Kumar’s visual element uses Google Maps to show the driver’s position in relation to an approaching emergency vehicle – both depicted inside an 800-meter radius by colored, moving icons. At intervals, an audio alert sounds with: “Emergency vehicle within <Range> meters. Please pull over.”
Kumar used Java programming and two Android phones to test the prototype, conducted unit and simulation testing and then modified his design. He deployed his parents in separate cars to test his hypotheses that drivers would have more time to pull over using PART, and that the emergency vehicle’s location – on-screen, in-car – would be pinpoint accurate. Tests showed drivers now had 67 seconds to respond, instead of the current seven to 14 seconds.
Once the patenting process is complete, Kumar plans to implement the PART system into car dashboards. “Apple and Google are working with car manufacturers to deploy iOS- and Android-based devices for car dashboards,” he says. “This would be the ideal home for my project.”
Viney Kumar’s app invention is a great example of how you can think critically about an everyday experience – like approaching ambulance sirens – and add value to it. What product or service that is a regular part of your life would you like to make more effective or efficient?
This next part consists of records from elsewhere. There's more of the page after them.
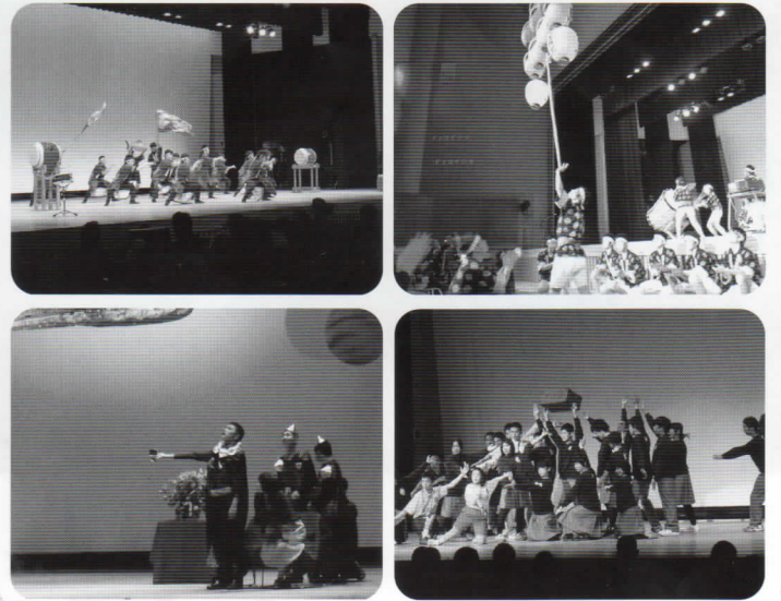
スマイル・ステージ2010より
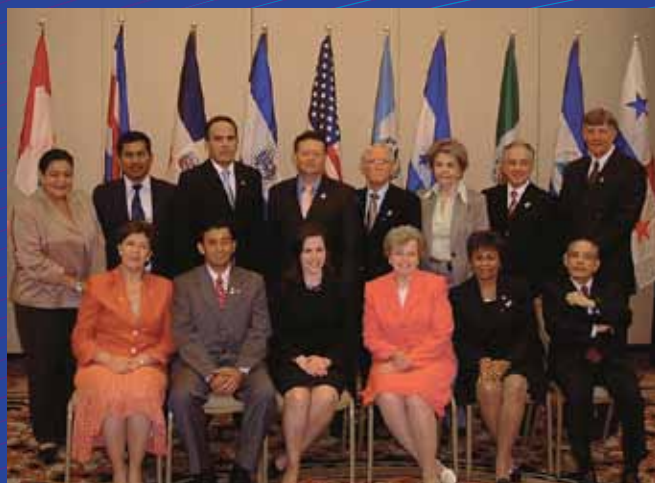
XII CRM, Nueva Orleans, Estados Unidos, 2007.

Finalmente, las conclusiones y reflexiones resumen los logros y reconocen los retos presentes y futuros que aguardan al Proceso Puebla.
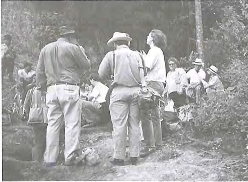
Exhumación en San José Pacho, Lemoa, El Quiché, 1992.

“Cuando mi papá cumplió un año, nos llevaron y nos enseñaron los ex PAC de la comunidad, como yo antes en el parque estaba. Nos hicieron el favor de enseñarnos ellos dónde estaba y fuimos allá con ellos y le llevamos sus flores y le dejamos un jarro. Cuando estábamos allí ellos nos enseñaron la tumba y cuando les dijimos será que podemos nosotros venir a visitar. Nos dijeron que no podíamos, porque todavía estaba vivo el jefe de patrulla, -“y si los mira por aquí, talvez los va a matar”-. Entonces dijimos que estaba bueno, que no llegamos allá dónde lo enterraron. Después cuando ya empezamos la reunión con las compañeras de aquí, yo fui a ver entonces ya no estaba la tumba y como hicieron asfalto en la carretera a Sacapulas. Le dije a mi hermana, la más mayor que fuera conmigo, a ver el mero lugar dónde estaba. Ví que la tumba ya no estaba, que ya estaba plana, que le habían salido unos arbolitos. , Entonces ella me decía que nuestro papá ya no está aquí porque tal vez lo sacaron. Cuando estábamos paseando encontramos unos caites y cuando a él lo fueron a traer... entonces ella me decía que eran de él.”- Por gusto vas a andar y andar, por gusto vas a trabajar-”, me decía ella. Yo no me quedé conforme (...)” (Historia de vida San Pedro Jocopilas)
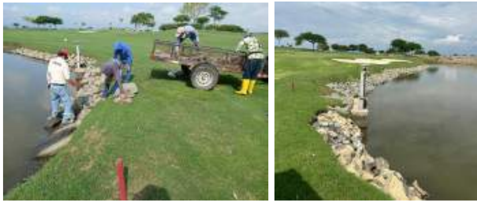
Actividad: Enrocado en el lago del hoyo 17 Duración: 02, 03, 04, 05 y 06 de marzo
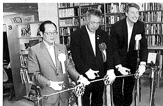
<アメリカン・シェルフ> オープニング・セレモニー 左より：朝長市長、小幡会長、チャドウィック領事
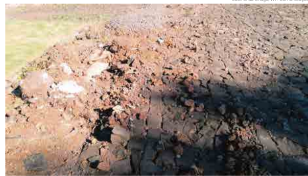
Calçamento está com pedras soltas e restos de obras

Uma moradora compartilhou nas redes sociais a insatis-
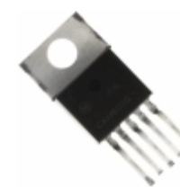
CS8147YTV A5 ON Semiconductor IC REG LDO 10V/5V TO220-5
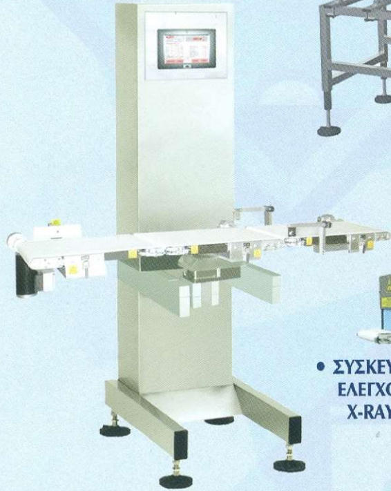
• ΣΥΣΚΕΥΕΣ ΕΛΕΓΧΟΥ X-RAY
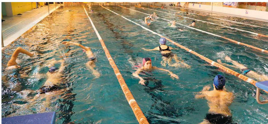
W tegorocznej edycji wystartowało 51 zawodników, którzy łącznie przepłynęli 375 kilometrów i 325 metrów. To nowy rekord pływalni!
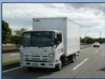
まうし きんきゆうしやりよう せつきんちゆう 真後ろから緊急車両が接近中
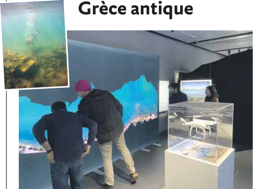
L'exposition met en lumière les recherches sous-marines réalisées par l'UNIGE.

EXPOSITION • Le Département des sciences de l'Antiquité de la Faculté des Lettres, en collaboration avec le Centre Universitaire d'informatique présente Immersum - Plonger dans le passé . L'exposition met en lumière les recherches sous-marines réalisées par l'Université de Genève dans la région de l'Argolide, située dans la péninsule du Péloponnèse, en Grèce. Les archéologues y étudient les vestiges de la préhistoire et de l'Antiquité, progressivement submergés par l'élévation du niveau
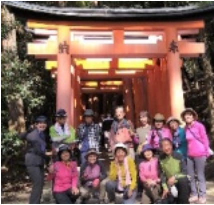
記念写真

4月5日(火) 快晴(第一回目)、参加者 13名 JR関駅7時10分発、〇ーカル線(関西線)に乗り京都に、京都一周トレイル第1回目。JR桃山駅からスタート。民家の庭の桜、公園の桜がすべて満開、桜の歓迎を受けて快調に歩くことができました。途中、伏見桃山城で休憩。満開の桜とお城は絶景、これだけで大満足、差し入れの「赤福餅」は最高。 さらに桜の中を進み、大岩展望台で昼食、眼下に京都市内を眺め、周りの桜に囲まれて美味しい食事を楽しみました。右も左も桜、足も軽くなる気分です。赤い鳥居の中を歩き、
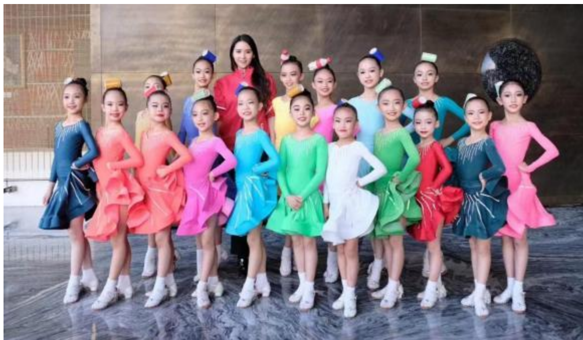
图13-2 学生到企业一线进行实践活动
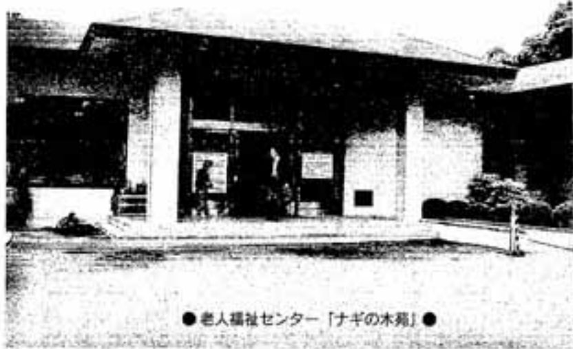
●老人福祉センター「ナギの木苑」●
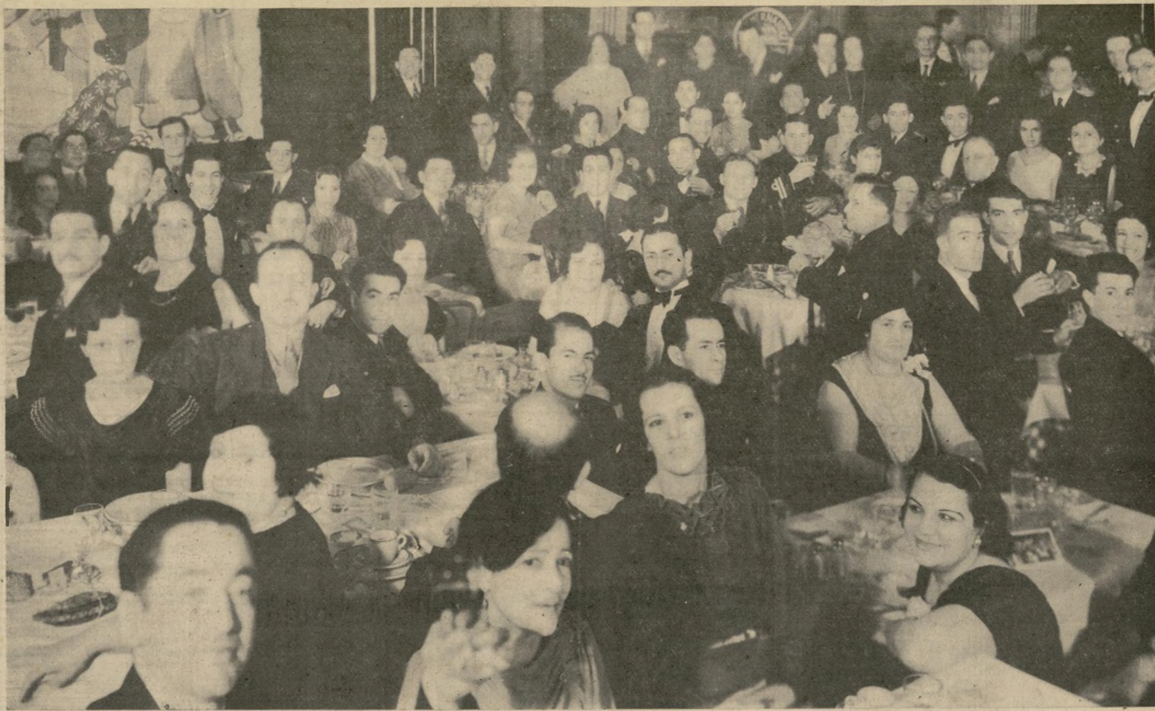
Vista parcial de la numerosa concurrencia al banquete y baile a la oficialidad del transporte colombiano de guerra "Cúcuta" celebrados la noche del sábado en

el "Café Internacional" de esta ciudad. Reinó gran animación en todo momento y se bailó hasta avanzada hora de la madrugada. El festejo a los oficiales del
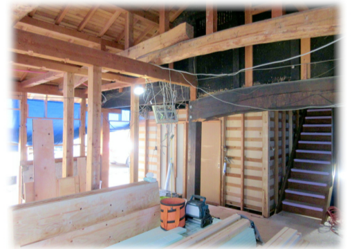
※丹後の工事状況です。
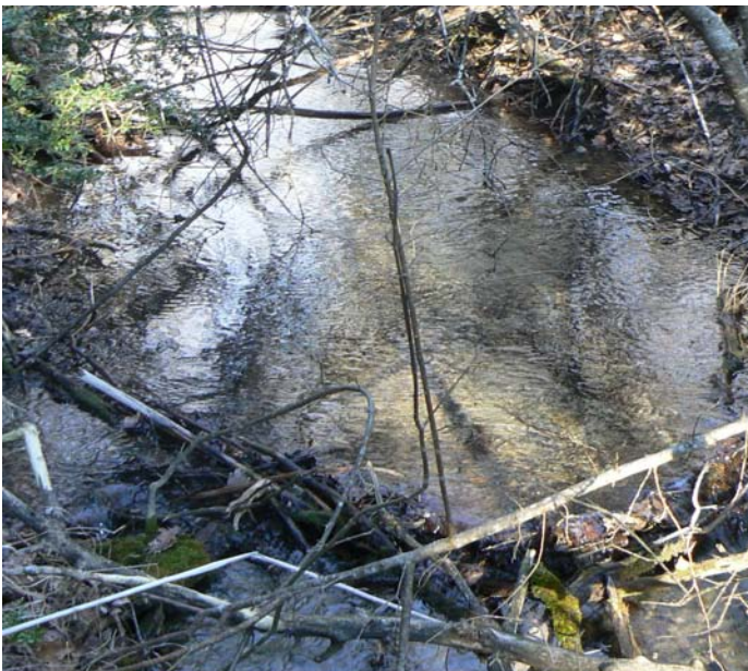
Encombrement du cours de l'adoux de la Garenne 1
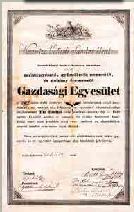
A Méhtenyésző, Gyümölcsfa-nemesítő és Dohánytermesztő Gazdasági Egyesület részvénye 10 forintról, 1840
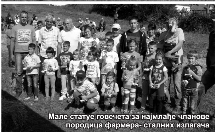
Мале статуе говечета за најмлађе чланове породица фармера- сталних излагача
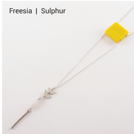
Freesia | Sulphur
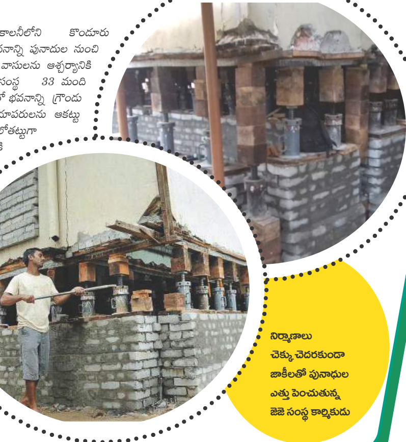
నిర్మాణాలు చెక్కు చెదరకుండా జాబితాలో ఉన్న భవనాలను ఎత్తు పెంచుతున్న జేజే సంస్థ కార్మికుడు
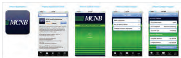
Le nuove app per iPhone e di mobile banking di MCNB Banks sono state disegnate da Identity America.

"Ultimamente, stiamo aiutando i nostri clienti a migliorare la propria identità aziendale utilizzando CorelDRAW. Vogliamo che siano orgogliosi della propria immagine" spiega Neal.

How might you improve upon it?
What motivates Kumar to develop PART? What other motivational factors inspire entrepreneurs to invent or make new products and services?
Using the link below, explore the Google Science Fair site; watch the video on the homepage and read about the various competitors and their entries. Discuss what you learned. What did you find most inspiring? Interesting? Enlightening? Did you notice any similarities between teen innovators around the world? Differences?